Falconiere: cacciatore e non spettatore

Nella mia fame infinita di falconeria, di conoscere e parlare coi grandi di casa nostra, sono stata ad incontrare Franco Gaeti, che diversi anni fa ha deciso di cambiare radicalmente vita: da architetto in città ad allevatore di Falchi a Botticino, in provincia di Brescia.

“La maggior parte dei Falconieri italiani non nasce dal mondo venatorio e purtroppo sono pochi quelli che si rapportano con la caccia nella sua vera essenza -mi racconta Franco –  In molti pensano che il Falconiere abbia solamente un ruolo di spettatore passivo, ma non è così, il Falconiere ha il medesimo ruolo attivo degli animali che collaborano con lui. Andare a caccia con il falco senza interagire attivamente non è possibile, lo stesso falco a lungo andare si renderebbe conto di non aver bisogno di uno spettatore al seguito, ma di un collaboratore propositivo.”

Franco mi spiega il paradosso tutto italiano per cui da noi il mondo della Falconeria è scollegato per buona parte dal mondo della caccia: le persone si avvicinano ai falchi più affascinate dall’idea del rapace stesso, perdendo spesso il contatto con l’origine che dovrebbe avere questa passione. Il falco, come anche il cane, non è un orpello, sono entrambi protagonisti delle nostre azioni di caccia ed entrambi meritano il rispetto a loro dovuto. Essere cacciatore, anche con il falco, implica amore, conoscenza e rispetto non solo per gli animali che ci accompagnano nelle nostre vite, ma anche per il territorio, per i selvatici che desideriamo incontrare e cacciare.

Amare profondamente il frutto del nostro interesse, operare attivamente anche nel piccolo: questi sono  gli unici modi che, chi vive la ruralità, possiede per far sopravvivere la propria passione ed il proprio modo di essere. Modi che Franco Gaeti ha abbracciato in toto, rinunciando alla vita cittadina. La visione negativa che la società ha della caccia, soprattutto per i giovani, la situazione molto difficile della selvaggina nel nostro Paese, sono tutti ostacoli per la Falconeria stessa.

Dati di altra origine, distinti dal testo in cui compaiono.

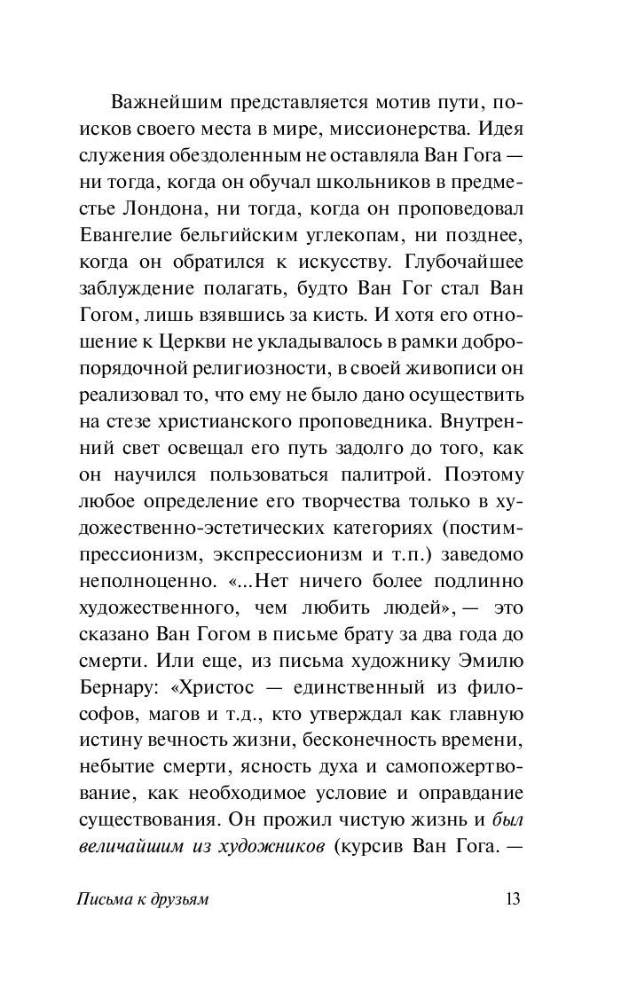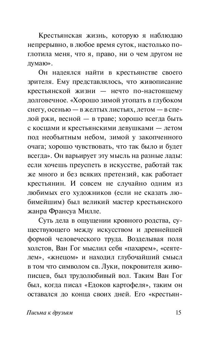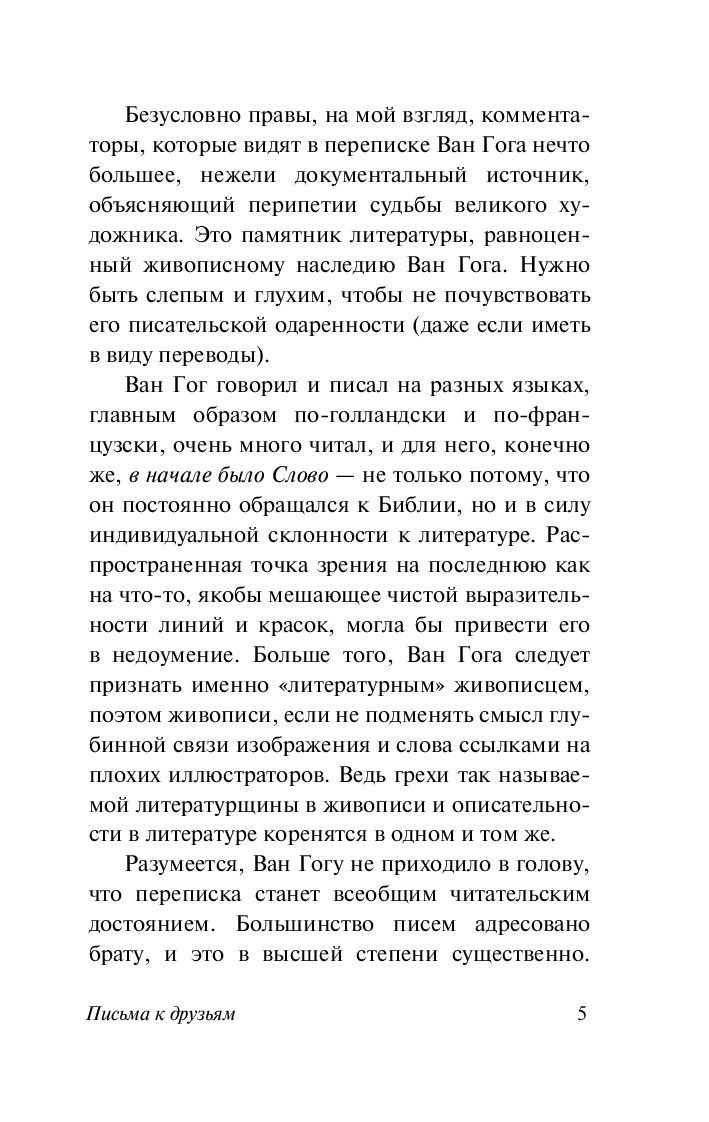 Ван Гог писал много и охотно – писал лучшему другу Полю Гогену, Антону ван Раппарду, Эмилю Бернару и другим, и письма его представляют собой своеобразную "творческую исповедь" не признанного при жизни гения, за каждой из работ которого стоит колоссальное душевное и духовное напряжение.

Molto spesso per amore della nostra passione siamo costretti ad investire in tempo, sacrifici e chilometri alla ricerca di un bel volo, della situazione ottimale in cui il nostro falco possa esprimere le sue potenzialità a contatto con della selvaggina vera nel suo ambiente naturale, ma ritengo che gli obbiettivi che ci poniamo nella vita debbano sempre essere grandi e vedo, invece, sempre troppi fermarsi a metà percorso.

Le tecniche di Falconeria prevedono un’introduzione graduale del falco al lavoro che dovrà svolgere, ed è giusto sia così, ma una bella azione su un animale di “rilascio”, resta pur sempre solo una bella azione, pura tecnica, che non può e non deve essere il fine ultimo. Se la soddisfazione di un Falconiere si fermasse a questo, allora non si arriverebbe mai alla vera essenza e ridurremmo tutto ad uno spettacolo vuoto e finto. Ad alcuni Falconieri manca proprio la curiosità e l’interesse di fare propria la cultura venatoria, un esempio lampante di tutto questo è la poca importanza che troppo spesso si dà alla figura del cane.

“Molti si accontentano infatti di avere un cane abituato ai “giochetti” delle scatole di lancio, o ai capi rilasciati pochi minuti prima – prosegue Franco – Chiunque sia un cacciatore, ed il Falconiere tale dovrebbe essere, sa quanto sia utopistico pensare che gli stessi cani, portati su selvatici veri, sappiano trattarli. Il lavoro del cane con alcuni tipi di selvatici, a caccia vera, non è solo utile, ma è fondamentale e chiunque cacci davvero sa quanto sia impegnativo e doveroso dedicare il giusto tempo anche alla preparazione del cane; al contrario, chi pensa con pressapochismo che il cane sia secondario al falco non si rende conto di quanto di potenzialmente bello perde trascurando certi aspetti .”

Chiacchierando con Franco non posso far a meno di concordare con quanto sto ascoltando, anche per una ragazza giovane e alle prime armi come me è lampante che queste siano le cose che non aiutano l’evoluzione della Falconeria e che, alla lunga, creeranno  una crepa sempre più profonda con quella che è la realtà della caccia e cacciatore, allontanandoci da ciò che di bello e naturale c’è nella Falconeria stessa.